▶ **What the exercise asks**
Could you restate word for word every line of the records below, from the first one to the one holding "2023年3月30日下午2时"?

-- Opening Marker --

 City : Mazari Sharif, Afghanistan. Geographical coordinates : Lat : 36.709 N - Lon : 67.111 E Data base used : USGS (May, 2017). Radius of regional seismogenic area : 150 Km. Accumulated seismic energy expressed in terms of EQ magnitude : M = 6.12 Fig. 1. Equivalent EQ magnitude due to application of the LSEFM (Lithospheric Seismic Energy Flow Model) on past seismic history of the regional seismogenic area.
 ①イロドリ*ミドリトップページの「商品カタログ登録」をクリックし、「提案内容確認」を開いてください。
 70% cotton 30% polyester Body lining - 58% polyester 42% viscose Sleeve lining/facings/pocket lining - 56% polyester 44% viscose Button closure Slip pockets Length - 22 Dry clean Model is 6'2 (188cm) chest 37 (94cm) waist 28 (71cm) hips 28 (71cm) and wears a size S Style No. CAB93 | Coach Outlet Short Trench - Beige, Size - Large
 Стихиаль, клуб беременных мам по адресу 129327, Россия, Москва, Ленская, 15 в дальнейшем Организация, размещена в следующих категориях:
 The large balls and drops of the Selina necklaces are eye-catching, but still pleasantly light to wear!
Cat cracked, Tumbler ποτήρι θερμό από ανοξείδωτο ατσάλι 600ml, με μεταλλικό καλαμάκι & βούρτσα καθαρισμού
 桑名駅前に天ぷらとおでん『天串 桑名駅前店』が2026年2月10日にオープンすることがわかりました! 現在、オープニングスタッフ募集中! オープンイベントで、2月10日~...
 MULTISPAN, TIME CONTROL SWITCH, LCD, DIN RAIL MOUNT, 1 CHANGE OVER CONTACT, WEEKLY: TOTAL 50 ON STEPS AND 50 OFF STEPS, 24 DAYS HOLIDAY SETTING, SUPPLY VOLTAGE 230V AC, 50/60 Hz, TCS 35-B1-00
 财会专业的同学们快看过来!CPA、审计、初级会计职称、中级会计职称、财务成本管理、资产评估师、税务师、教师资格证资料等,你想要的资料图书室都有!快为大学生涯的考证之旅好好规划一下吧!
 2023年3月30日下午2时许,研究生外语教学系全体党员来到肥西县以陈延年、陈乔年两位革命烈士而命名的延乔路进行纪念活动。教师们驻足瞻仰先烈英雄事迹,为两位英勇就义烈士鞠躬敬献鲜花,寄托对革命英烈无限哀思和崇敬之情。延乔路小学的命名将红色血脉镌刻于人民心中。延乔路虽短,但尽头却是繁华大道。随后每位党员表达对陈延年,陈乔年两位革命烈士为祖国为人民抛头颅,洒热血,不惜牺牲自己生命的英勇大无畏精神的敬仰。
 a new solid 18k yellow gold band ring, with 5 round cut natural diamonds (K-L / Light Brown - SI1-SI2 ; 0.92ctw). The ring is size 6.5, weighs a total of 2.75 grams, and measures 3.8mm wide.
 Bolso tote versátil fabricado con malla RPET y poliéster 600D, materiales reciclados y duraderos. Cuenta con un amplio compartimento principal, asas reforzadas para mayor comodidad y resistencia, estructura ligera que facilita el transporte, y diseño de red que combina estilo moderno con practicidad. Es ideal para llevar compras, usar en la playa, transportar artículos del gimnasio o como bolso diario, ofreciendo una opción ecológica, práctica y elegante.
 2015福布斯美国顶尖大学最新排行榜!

-- Closing Marker --

▶ **Answer box**
 City : Mazari Sharif, Afghanistan. Geographical coordinates : Lat : 36.709 N - Lon : 67.111 E Data base used : USGS (May, 2017). Radius of regional seismogenic area : 150 Km. Accumulated seismic energy expressed in terms of EQ magnitude : M = 6.12 Fig. 1. Equivalent EQ magnitude due to application of the LSEFM (Lithospheric Seismic Energy Flow Model) on past seismic history of the regional seismogenic area.
 ①イロドリ*ミドリトップページの「商品カタログ登録」をクリックし、「提案内容確認」を開いてください。
 70% cotton 30% polyester Body lining - 58% polyester 42% viscose Sleeve lining/facings/pocket lining - 56% polyester 44% viscose Button closure Slip pockets Length - 22 Dry clean Model is 6'2 (188cm) chest 37 (94cm) waist 28 (71cm) hips 28 (71cm) and wears a size S Style No. CAB93 | Coach Outlet Short Trench - Beige, Size - Large
 Стихиаль, клуб беременных мам по адресу 129327, Россия, Москва, Ленская, 15 в дальнейшем Организация, размещена в следующих категориях:
 The large balls and drops of the Selina necklaces are eye-catching, but still pleasantly light to wear!
Cat cracked, Tumbler ποτήρι θερμό από ανοξείδωτο ατσάλι 600ml, με μεταλλικό καλαμάκι & βούρτσα καθαρισμού
 桑名駅前に天ぷらとおでん『天串 桑名駅前店』が2026年2月10日にオープンすることがわかりました! 現在、オープニングスタッフ募集中! オープンイベントで、2月10日~...
 MULTISPAN, TIME CONTROL SWITCH, LCD, DIN RAIL MOUNT, 1 CHANGE OVER CONTACT, WEEKLY: TOTAL 50 ON STEPS AND 50 OFF STEPS, 24 DAYS HOLIDAY SETTING, SUPPLY VOLTAGE 230V AC, 50/60 Hz, TCS 35-B1-00
 财会专业的同学们快看过来!CPA、审计、初级会计职称、中级会计职称、财务成本管理、资产评估师、税务师、教师资格证资料等,你想要的资料图书室都有!快为大学生涯的考证之旅好好规划一下吧!
 2023年3月30日下午2时许,研究生外语教学系全体党员来到肥西县以陈延年、陈乔年两位革命烈士而命名的延乔路进行纪念活动。教师们驻足瞻仰先烈英雄事迹,为两位英勇就义烈士鞠躬敬献鲜花,寄托对革命英烈无限哀思和崇敬之情。延乔路小学的命名将红色血脉镌刻于人民心中。延乔路虽短,但尽头却是繁华大道。随后每位党员表达对陈延年,陈乔年两位革命烈士为祖国为人民抛头颅,洒热血,不惜牺牲自己生命的英勇大无畏精神的敬仰。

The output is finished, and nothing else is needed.